Sure, I’d be happy to take it on. My JIRA ID is chetaldrich. We can continue 
discussion on that ticket. 

Chet

> On Nov 16, 2017, at 7:57 AM, Etienne Chauchot <echauc...@apache.org> wrote:
> 
> Chet, 
> FYI, here is the ticket and the design proposal: 
> https://issues.apache.org/jira/browse/BEAM-3201 
> <https://issues.apache.org/jira/browse/BEAM-3201>. If you still want to code 
> that improvement, give me your jira id and I will assign the ticket to you. 
> Otherwise I can code it as well.
> 
> Best
> 
> Etienne
> 
> Le 16/11/2017 à 09:19, Etienne Chauchot a écrit :
>> Hi, 
>> Thanks for the offer, I'd be happy to review your PR. Just wait a bit until 
>> I have opened a proper ticket for that. I still need to think more about the 
>> design. Among other things, I have to check what ES dev team did for other 
>> big data ES IO (es_hadoop) on that particular point. Besides, I think we 
>> also need to deal with the id at read time not only at write time. I'll give 
>> some details in the ticket.
>> 
>> Le 15/11/2017 à 20:08, Chet Aldrich a écrit :
>>> Given that this seems like a change that should probably happen, and I’d 
>>> like to help contribute if possible, a few questions and my current 
>>> opinion: 
>>> 
>>> So I’m leaning towards approach B here, which is:
>>>> b. (a bit less user friendly) PCollection<KV> with K as an id. But forces 
>>>> the user to do a Pardo before writing to ES to output KV pairs of <id, 
>>>> json>
>>>> 
>>> I think that the reduction in user-friendliness may be outweighed by the 
>>> fact that this obviates some of the issues surrounding a failure when 
>>> finishing a bundle. Additionally, this forces the user to provide a 
>>> document id, which I think is probably better practice.
>>> 
>> Yes as I wrote before, I think it is better to force the user to provide an 
>> id (at least for index updates, exactly-one semantics is a larger beam 
>> subject than this IO scope). Regarding design, plan b is not the better one 
>> IMHO because it changes the IO public API. I'm more in favor of plan a with 
>> the ability for the user to tell what field is his doc id.

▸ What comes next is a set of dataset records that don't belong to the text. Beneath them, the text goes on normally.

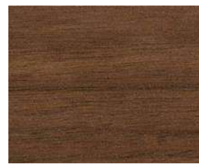
Walnut Wood Texture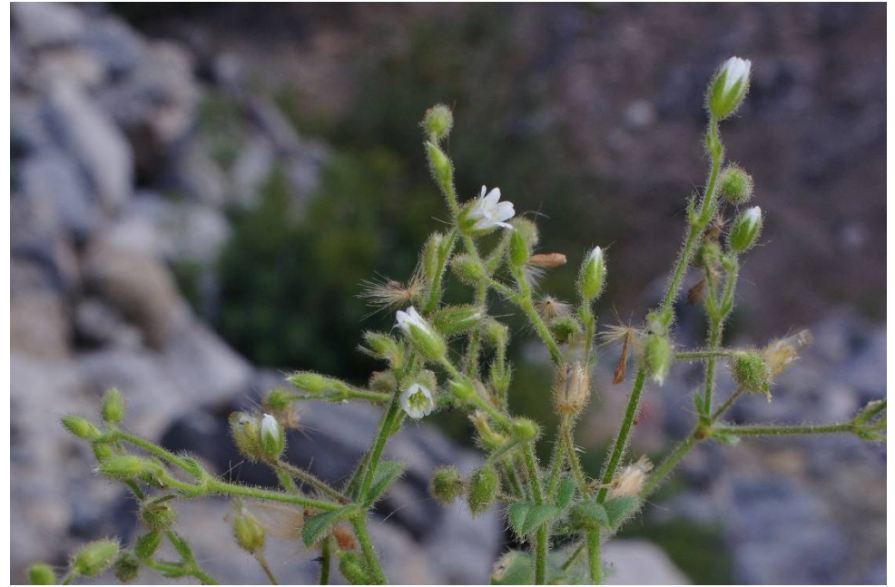
Cerastium brachypetalum subsp. roeseri Kreta, Irakleion, Zaros, 35°08'50"N, 24°54'25'E, 23.04.2017; 276.119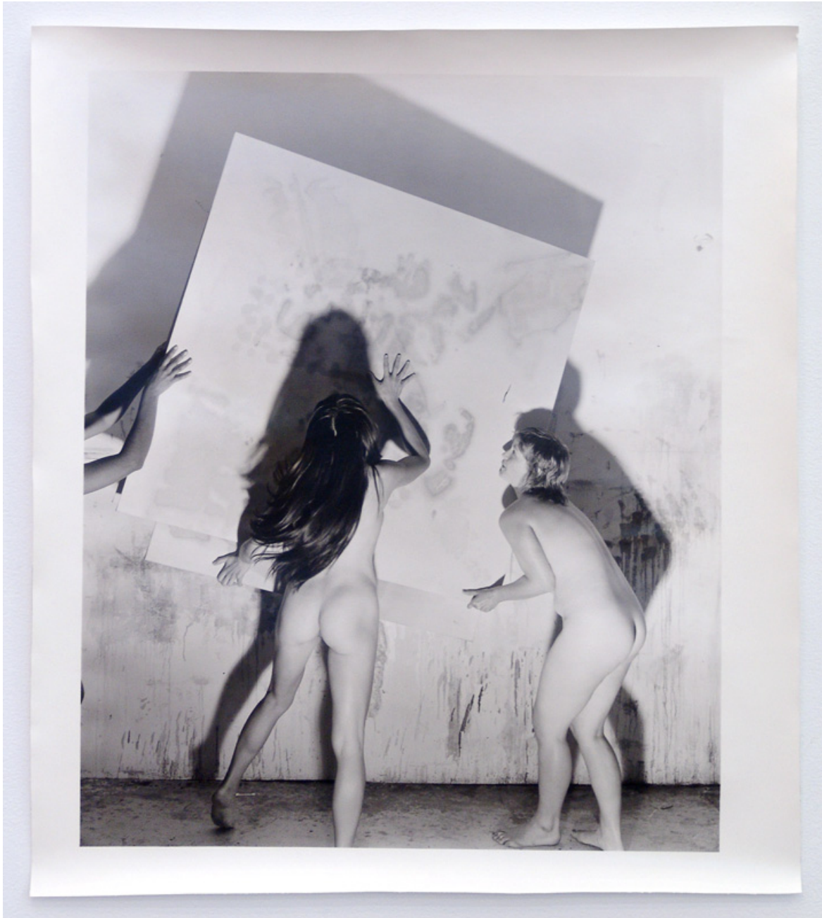
Nudes Moving an Abstract Painting 1 , 2013. Silver gelatin print, part of triptych, edition of 5 (+2 AP), 25 x 20 in.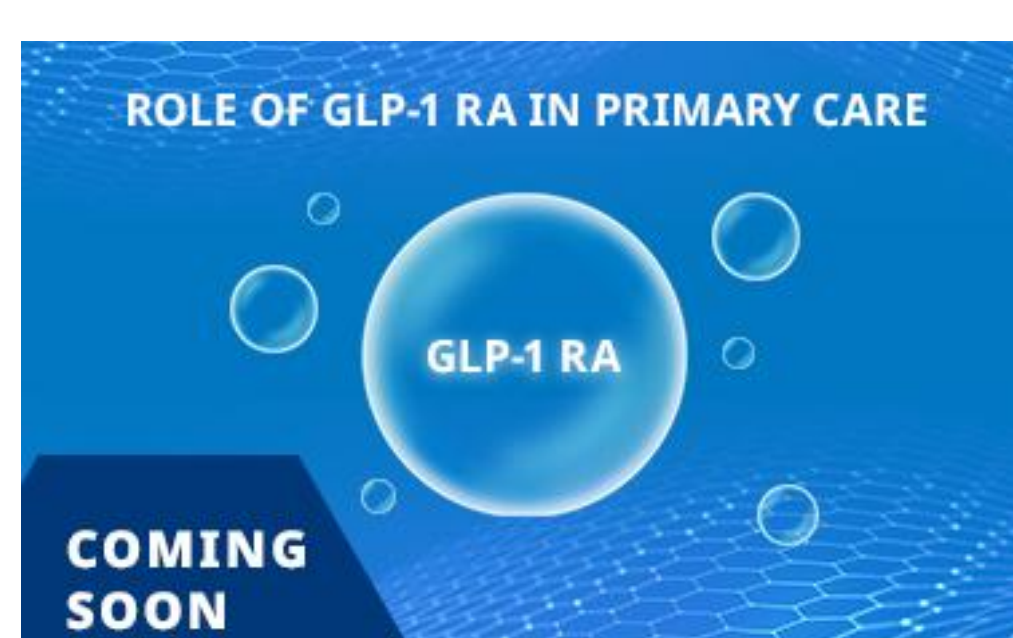
5. Role of GLP-1 RA in Primary Care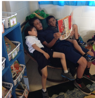
Grade 8 and Kindergarten with their grade 8 chapel buddy sharing a book together

Eighth grade Bible students have been getting to know their kindergarten chapel buddies and learning about the big responsibility they have as the oldest students on campus. We made a craft with our kindergarten buddies that we turned into cross necklaces that our buddies got to take home after our first chapel together. Then we made creation books and shared them with our buddies. It has been an enriching experience for all involved.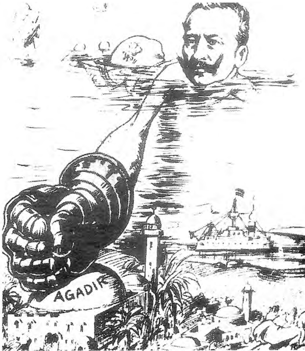
A cartoon about the Agadir crisis, published in 1911.

4 Study the cartoon, and then answer the questions which follow.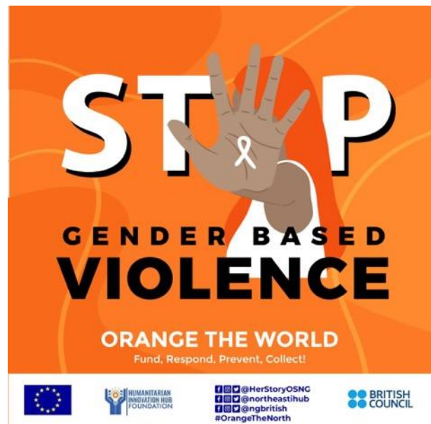
Social media content to promote the 16 Days of Activism Campaign.

The MCN Programme organised a capacity building programme for social media influencers. The workshop, held on 2 nd December, focused on using social media to create awareness about the importance of the 16 Days of Activism campaign and to stimulate conversation around sexual and gender-based violence. The young influencers were trained on the factors accounting for the rising cases of SGBV, ways to identify suspected online predators, warning signs of online sexual offences, and mechanisms for tracking, monitoring, and reporting of suspected cases of violence in social media platforms and networks.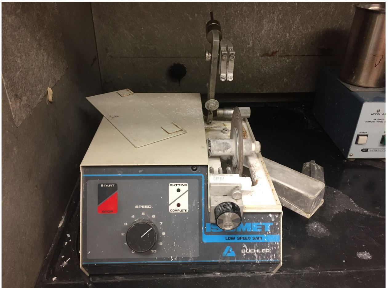
The IsoMet Buehler saw

In order to perform tests on the Instron or DSC, samples must be cut from the epoxy cylinders on the IsoMet Buehler saw in 130B. This manual details how to safely and precisely operate this piece of equipment for this purpose.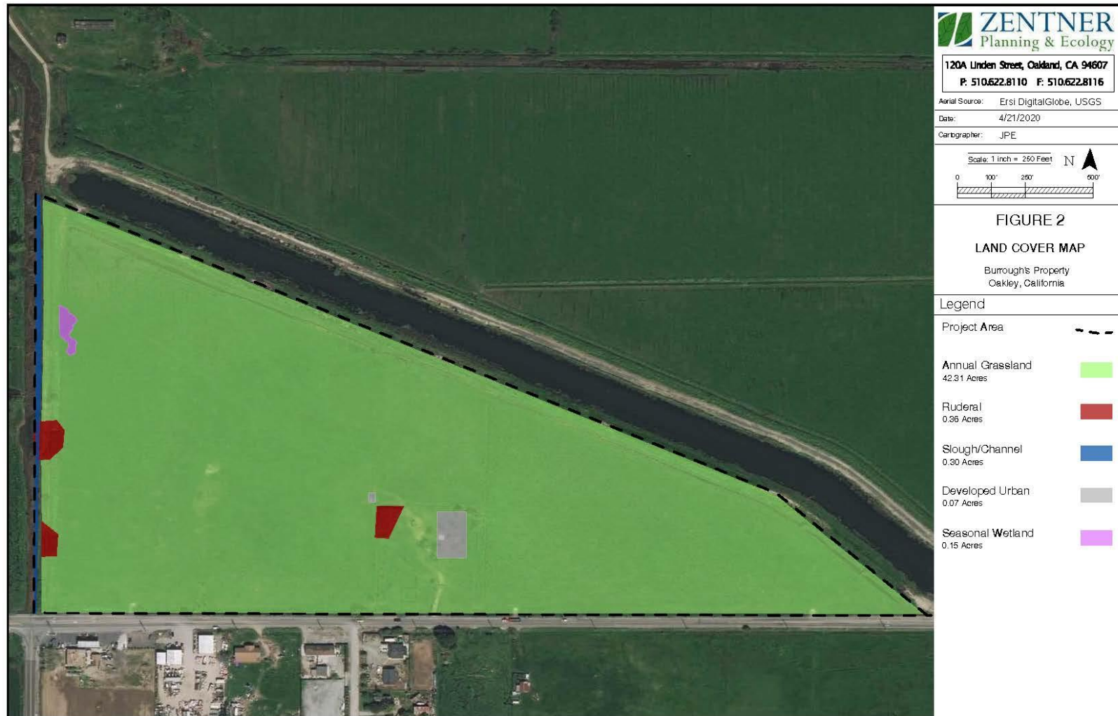
Figure 2 – Impacts to Aquatic Resources Map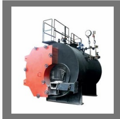
Solid Fuel Fired Boiler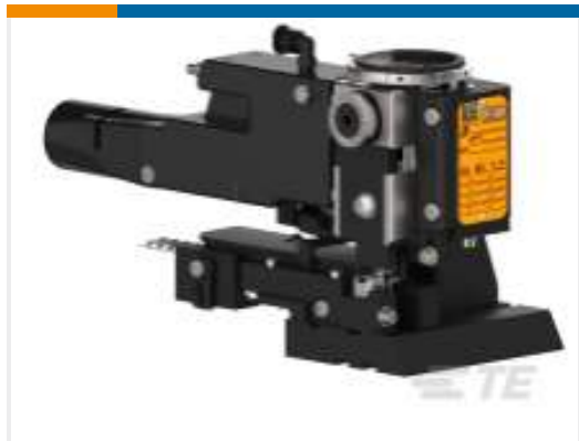
TE Part # 2-2151102-2 OCEAN_2.0_APPLICATIONER-S-046F059F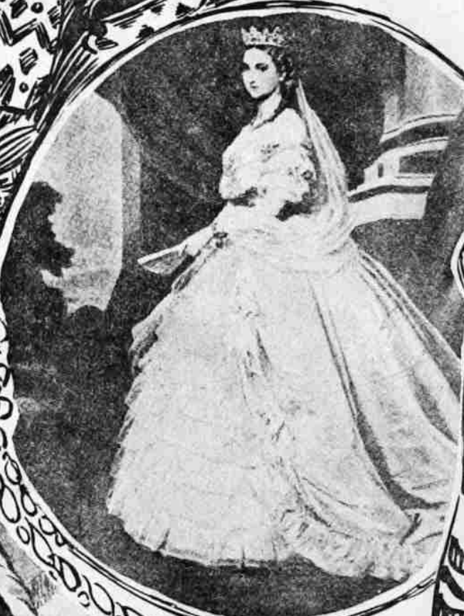
CARLOTTA, EMPRESS OF MEXICO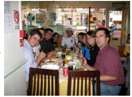
(London Group 2008)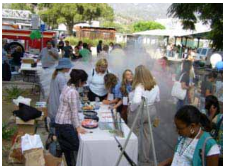
Science Fair Extravaganza at Monrovia High School

Throughout the afternoon students working toward earned recognitions participated in a variety of STEM programs to earn their "Science Planet Passports." Highlights of the event were the inspired presentations of Astronaut Tracy Caldwell and author & actress Danica McKellar.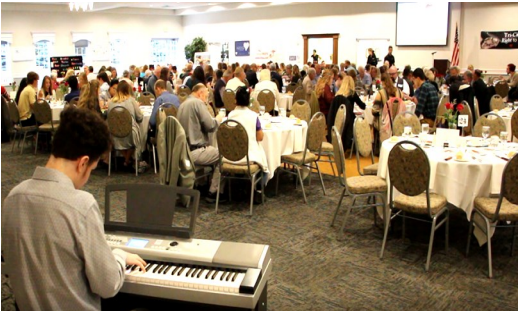
Find TCRTL videos at Rumble.com Search > Channel > TCRTL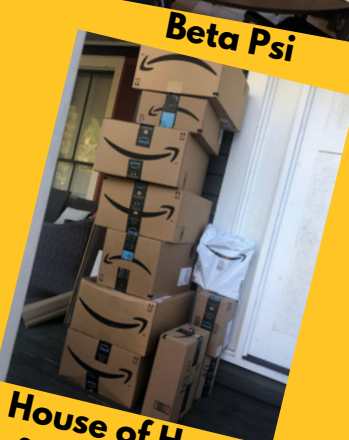
House of Hope Some of GA AAK donations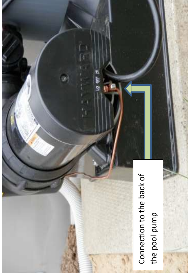
Connection to the back of the pool pump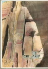
BETATAKIN NAVAJO NATIONAL MONUMENT, AZ

Hand-tinted lantern slides from the book LANDSCAPES ON GLASS _____ Greeting Cards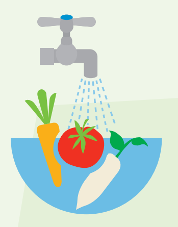
WASH ALL produce before eating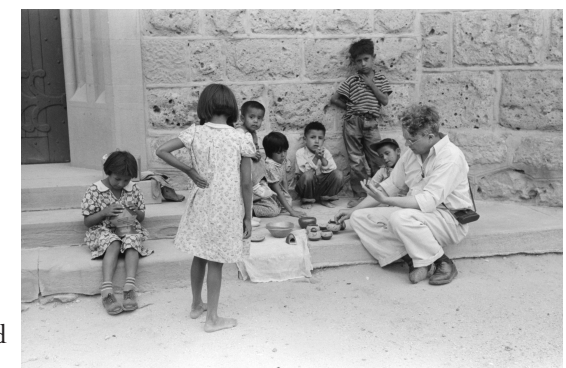
Russell Lee. Tourist buying Indian pottery from children at Tesuque pueblo, New Mexico. 1939. LC-DIG-ppmsc-00193.

Arizona, New Mexico, and Texas. In drawing attention to the historicity of these states in my phrase "in areas that are today," I hope to underscore the fact that Pueblo peoples and Native peoples within the borders of the United States – live in an ongoing colonial relationship with the federal government, and that the geography of the states in which they live were superimposed on them.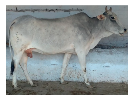
Figure 2. An elite specimen of Dajal breeding bull being incorporated in the present study reared at the Semen Production Unit, Karaniwala, Cholistan, Punjab, Pakistan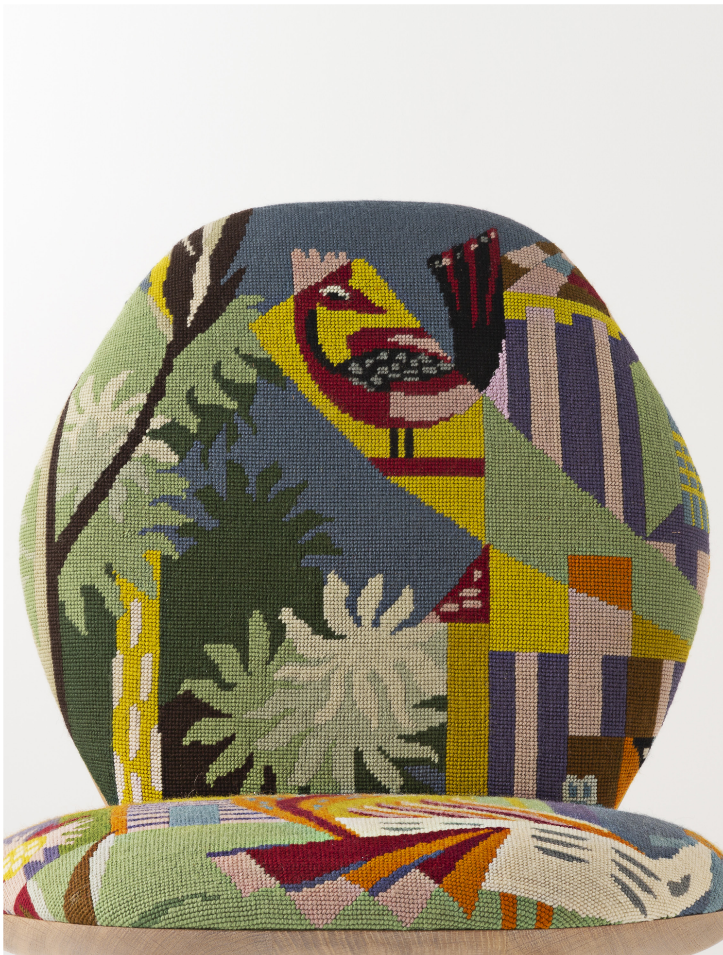
HEXA Chair (unique piece)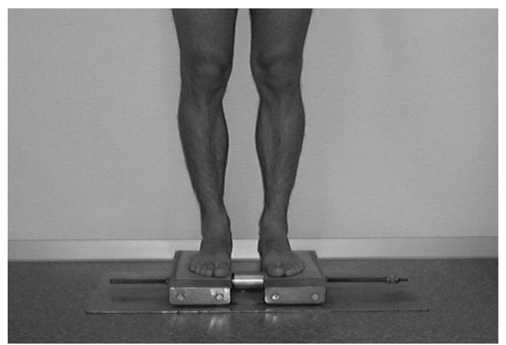
Measuring Intercondylar Distance to Assess Genu Varum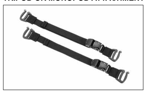
Step 1: Locate the two adjustable tripod straps provided with the StreetWalker.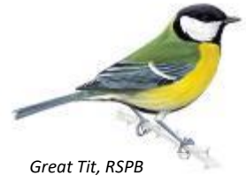
Great Tit

The small bush conifers in our back garden stand out against the muted and faded greens of buddleia, nettle and sage. Most leaves have fallen, or, like the apple tree, hang on defiantly in ones and twos at the very tip-tops of the branches, in single slashes of orange-yellow. But these conifer shrubs are vibrant in steely-blues and yellow-greens, with channels of shadow running through like dark glaciers.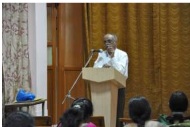
Workshop on Investment Planning for Executives: 11- 18 Dec 2014

Outcomes were faculty were able to understand the advantages of financial education, basics of saving and investments, choosing the right investment options, diversification of savings, tax planning and retirement planning and borrowing related products.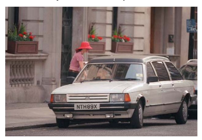
Figure 3. Player enters the car for the climax of the game.

The game is staged over a period of about ten days in each city it visits, typically being played continuously for six to eight hours each day. Each street player's experience last for a maximum of one hour and up to twelve street players are active at any one time, with new players being added as current ones complete the experience. Up to twenty online players may be present at a time. The 'game zone' consists of around one square kilometre of city streets.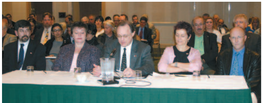
Representatives from United Scenic Artists Local 829 reported on the successful negotiations with the Association of Independent Commercial Producers.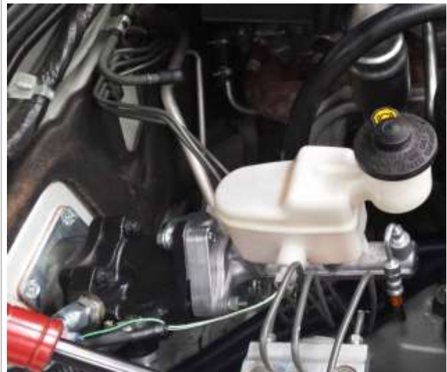
Image 1.1 Hydraulic booster setup with new master fitted

If you are not replacing the calliper lines you do not need to disconnect the brake lines from the master cylinder.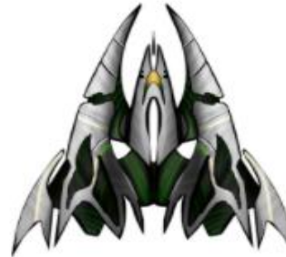
SpaceShip 4 1000 Bullet 100 STARS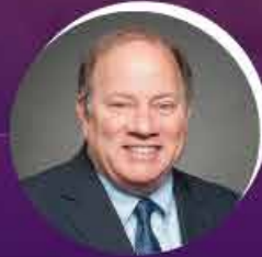
MAYOR MIKE DUGGAN City of Detroit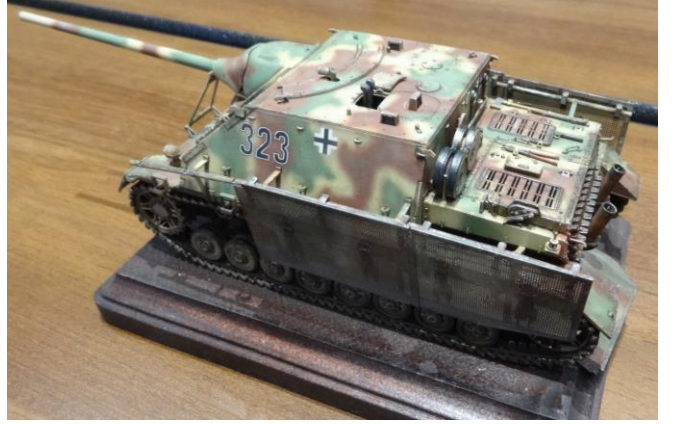
He stripped it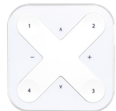
Xpress wireless switch A90591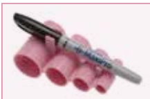
Depth Gauge & Pen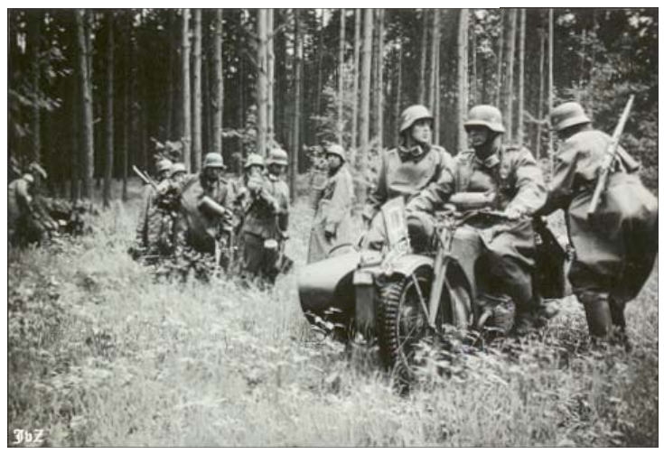
VICTORY CONDITIONS: The Germans win if there are no Soviet infantry south of the river at game's end. The Soviets win by avoiding the German victory conditions. BALANCE:

West bank of the Dneiper, near Stayki, Soviet Union, 25 September, 1943: The Soviet fall offensive was in full swing, Rybalko's 3rd Guards Tank Army had crossed the Dneiper at Bukrin, Moskalenko's 40th Army followed a few days later further upstream. One such crossing consisted of only 50 men who had crossed by swimming and improvised rafts. Knowing that such a bridgehead could be reinforced and expanded if left to itself, hastily motorized elements of 34th Infantry Division were ordered to "clear up the bridgehead and destroy the forces this side of the river..."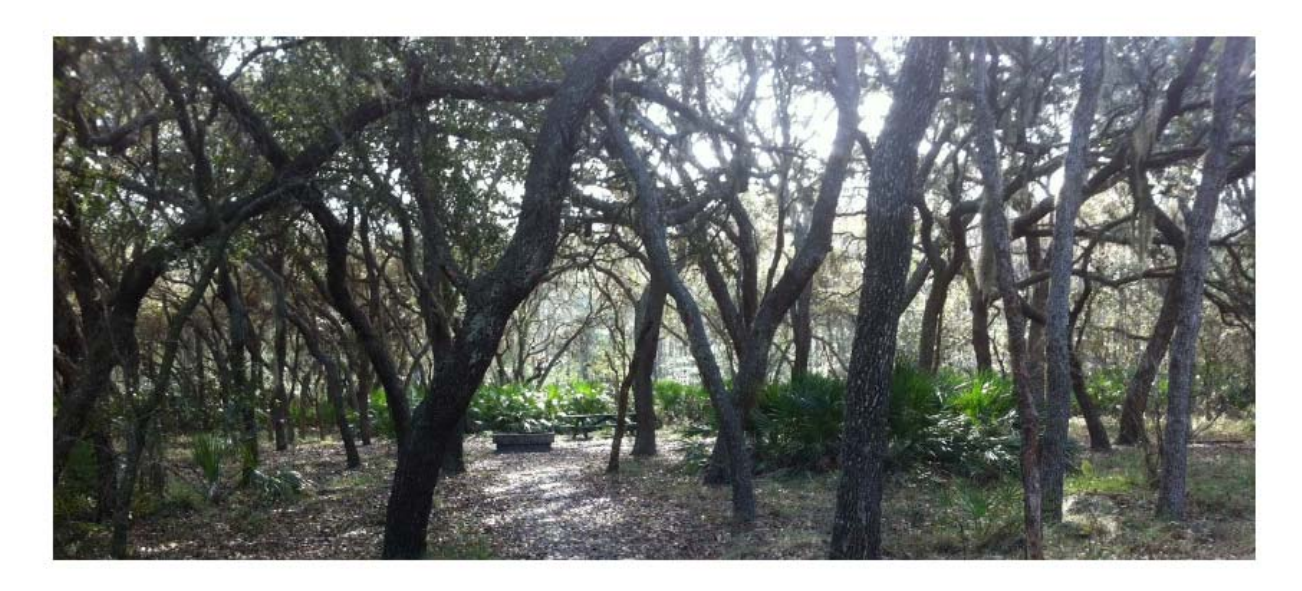
A Special Hike at Four Lakes Hammock Just for YOU!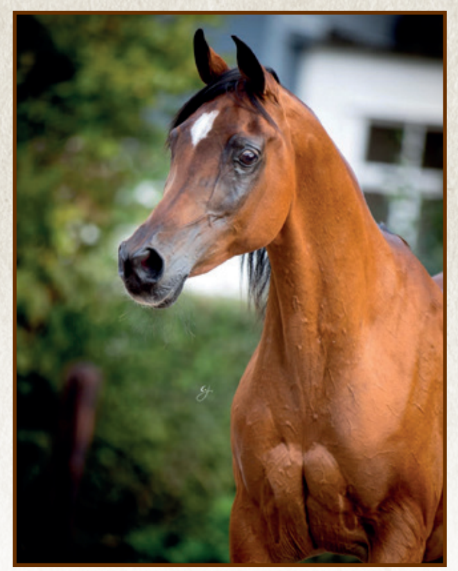
Pashmina (Salaa El Dine x A Little Passion).

>>> This will also probably lead to fewer frustrations around “magic” code that 
>>> just pulls something in if it happens to be there, and doesn’t if not. 
>>> We’ll need to rely on the user catching this functionality in the docs or 
>>> the code itself to take advantage of it. 
>>> 
>>> IMHO it’d be generally better to enforce this at compile time because it 
>>> does have an effect on whether the pipeline produces duplicates on failure. 
>>> Additionally, we get the benefit of relatively intuitive behavior where if 
>>> the user passes in the same Key value, it’ll update a record in ES, and if 
>>> the key is different then it will create a new record. 
>> Totally agree, id enforcement at compile time, no auto-generation
>>> 
>>> Curious to hear thoughts on this. If this seems reasonable I’ll go ahead 
>>> and create a JIRA for tracking and start working on a PR for this. Also, if 
>>> it’d be good to loop in the dev mailing list before starting let me know, 
>>> I’m pretty new to this. 
>> I'll create the ticket and we will loop on design in the comments.
>> Best
>> Etienne
>>> 
>>> Chet 
>>> 
>>>> On Nov 15, 2017, at 12:53 AM, Etienne Chauchot <echauc...@apache.org 
>>>> <mailto:echauc...@apache.org>> wrote:
>>>> 
>>>> Hi Chet,
>>>> 
>>>> What you say is totally true, docs written using ElasticSearchIO will 
>>>> always have an ES generated id. But it might change in the future, indeed 
>>>> it might be a good thing to allow the user to pass an id. Just in 5 
>>>> seconds thinking, I see 3 possible designs for that. 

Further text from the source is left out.